That said I am definitely going to defend the Nobel for
John Nash, and not just because of the romanticism of
"A Beautiful Mind" and his comeback from insanity,
fascinating as that may be. The Nash equilibrium is
indeed a profound concept worthy of a Nobel Prize. I
would note that it has been taken over by biologists for
the analysis of evolutionary processes. Modern evolutionary
game theory in turn came back into economics from people
who became aware of the work of John Maynard Smith in biology,
with Reinhard Selten perhaps being the key initial figure in
economics. But the biologists, in turn, drew heavily on Nash.
If you want to diss Nash, I suggest you read Phil
Mirowski's account of things in his _Machine Dreams_,
where he says that von Neumann is the great genius
and Nash is just a hopeless paranoid, that even his equilibrium
is simply paranoia writ large. The opposite view is given in
the book version of _A Beautiful Mind_ by Sylvia Nasar (the
movie did not even have a von Neumann character in it).

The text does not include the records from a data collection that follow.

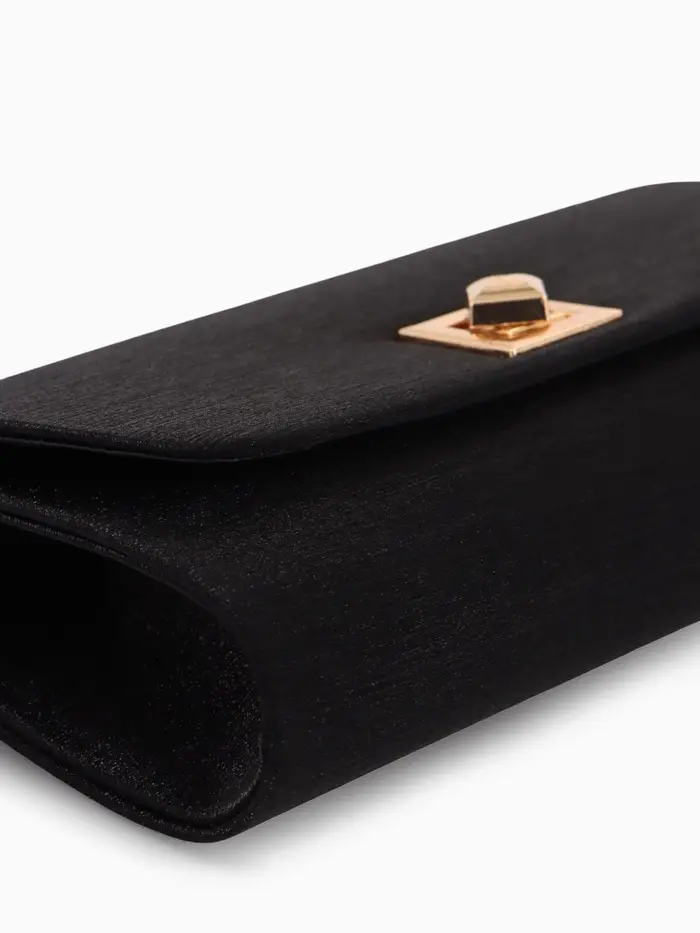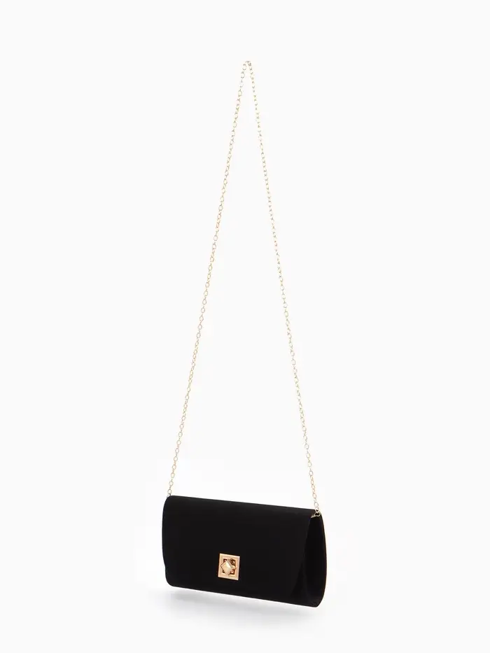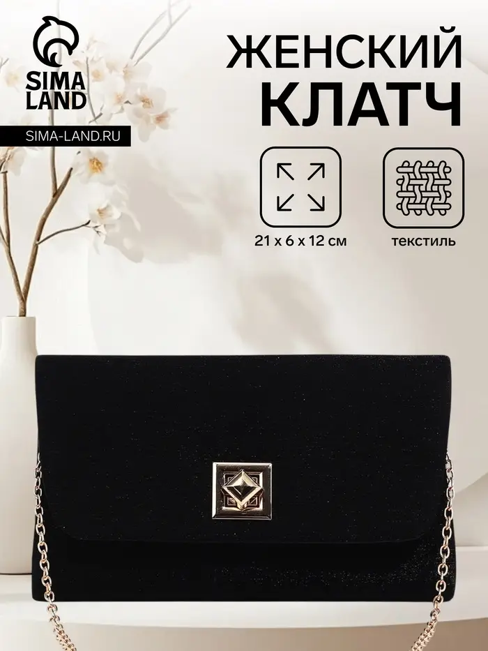 Сумка-клатч женская вечерняя на клапане, на длинной цепочке, однотонная, чёрная
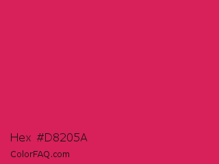 Hex #d8205a Color is a normal rose color and the nearest color is Dogwood Rose #d71868. Hex code #d8205a and RGB value is rgb(216,32,90). In RGB color space, this color is composed of 85% red, 13% green, 35% blue, In CMYK color space, this color is composed of 0% cyan, 85% magenta, 58% yellow , 15% black , In HSL color space, this color has a hue angle of 341° , 74% saturation and 49% lightness.
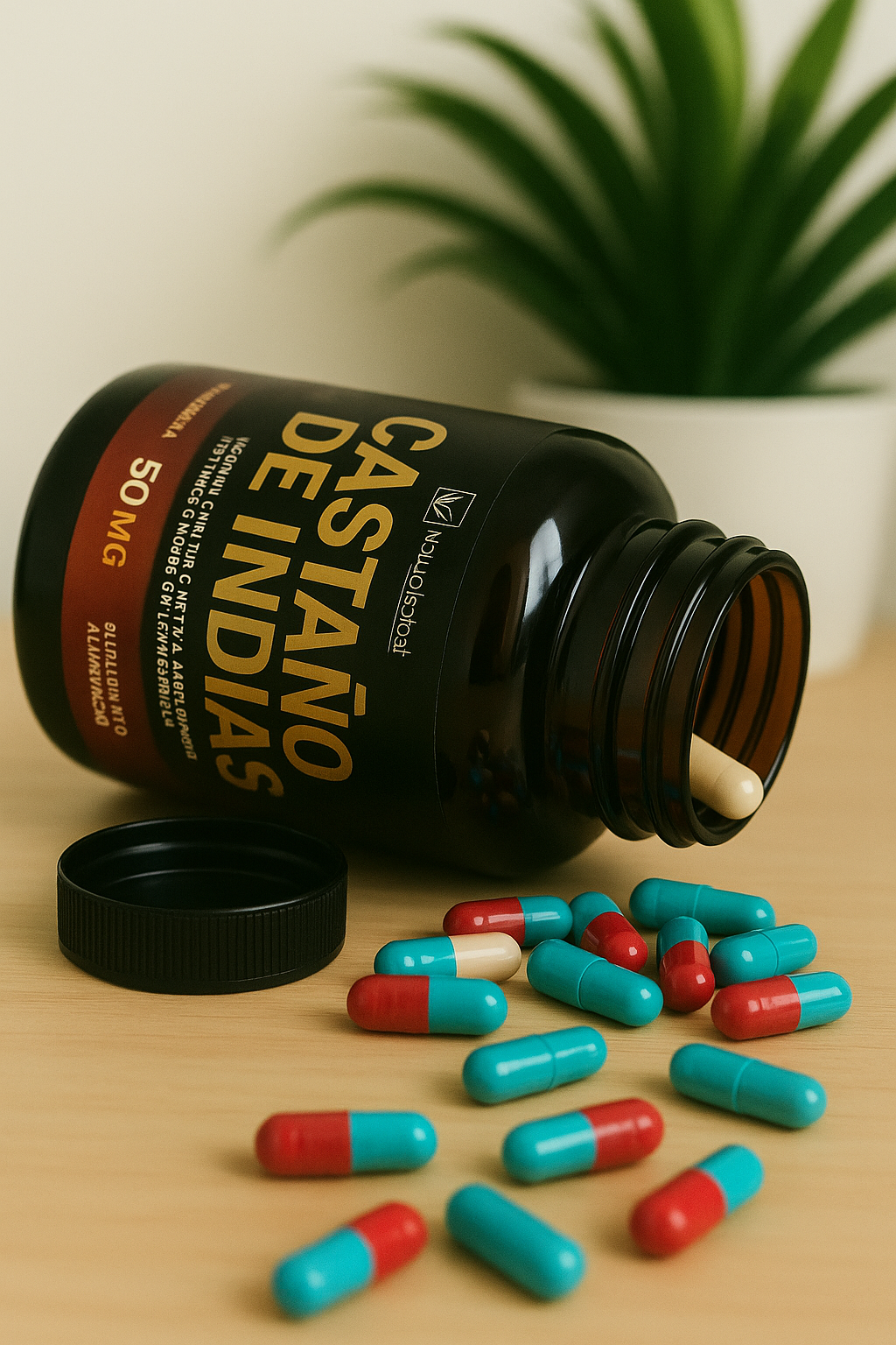 Es un suplemento alimenticio en capsulas formulado con vitamina C, ortiga, ajo, romero, castaño de indias, espino, zarzaparrilla, y cúrcuma pulverizada. Su combinación natural esta diseñada para fortalecer la circulación, aliviar la pesadez de piernas y promover un bienestar integral.

Needless to say, I think the reality is somewhere in between
these two somewhat potted accounts.
Barkley Rosser
----- Original Message -----
From: "Ted Winslow" <egwinslow@xxxxxxxxxx>
To: <pkt@xxxxxxxxxxxxxxxx>
Sent: Wednesday, January 29, 2003 12:19 PM
Subject: Re: Article in the Chronicle of Higher Education
>
> Barkley wrote:
>
> > I would associate "rigor" with "logical" and
> > "consistent." Properly done deductivism is
> > rigorous, but it is possible to be rigorous
> > without being deductivist. And much deduction
> > is empty. Rigor is no guarantee of a serious
> > argument. It may be empty rigor, rigor mortis.
>
> Whitehead's point is that the axiomatic method itself - "deductivism" -
> is limited in its applicability by the ontological fact of internal
> relations. It isn't just that the axioms may be false; it is that to
> produce clearly defined axioms you need to be able to abstract from
> internal relations since the weaving by argument from these axioms of
> "novel compositions," i.e. changed relations, may invalidate the axioms
> on which the argument rests. In social theory this applies to any
> argument which takes the "identities" of the individuals whose
> behaviour is being theorized as fixed.
>
> Keynes's monetary theory provides an example. It can't be captured by
> an analysis that axiomatically fixes the identities of agents because
> it assumes that in certain circumstances, those that produce a monetary
> crisis, these identities change. Conditions of stress can lead to
> nervous breakdown.
>
> "Why should anyone outside a lunatic asylum wish to use money as a
> store of wealth?
> "Because, partly on reasonable and partly on instinctive grounds, our
> desire to hold money as a store of wealth is a barometer of the degree
> of our distrust of our own calculations and conventions concerning the
> future. Even though this feeling about money is itself conventional or
> instinctive, it operates, so to speak, at a deeper level of our
> motivation. It takes charge at the moments when the higher, more
> precarious conventions have weakened. The possession of actual money
> lulls our disquietude; and the premium which we require to make us part
> with money is the measure of the degree of our disquietude." (XIV, p.
> 116)
>
> Here is a description by Keynes of an actual crisis:
>
> "the most strking feature of the immediate situation is the
> extraordinary disparity between yields in London and yields in New York
> of comparable securities. It seems to me quite impossible that the
> present situation can long persist. And I should have supposed it to
> be probable that the readjustment would be brought about by a
> substantial rise in prices of prime fixed-interest securities in New
> York. The present may be the chance of a lifetime for the purchase of
> the latter. Obviously everyone in New York is scared so stiff as to be
> unable to move. But that may be the opportunity of others away from
> any unsettling influence of the local atmosphere. No serious risk can
> arise unless the existing financial system in America is going to peg
> out altogether. I suppose that that is just possible, but I cannot
> believe that it is probable." (XXI, p. 113)
>
> How can the idea of individuals as able in certain circumstances to
> become "scared so stiff as to be unable to move" be taken account of by
> an approach that axiomatically fixes their identities.
>
> I know that Keynes could not have been awarded the economics "Nobel".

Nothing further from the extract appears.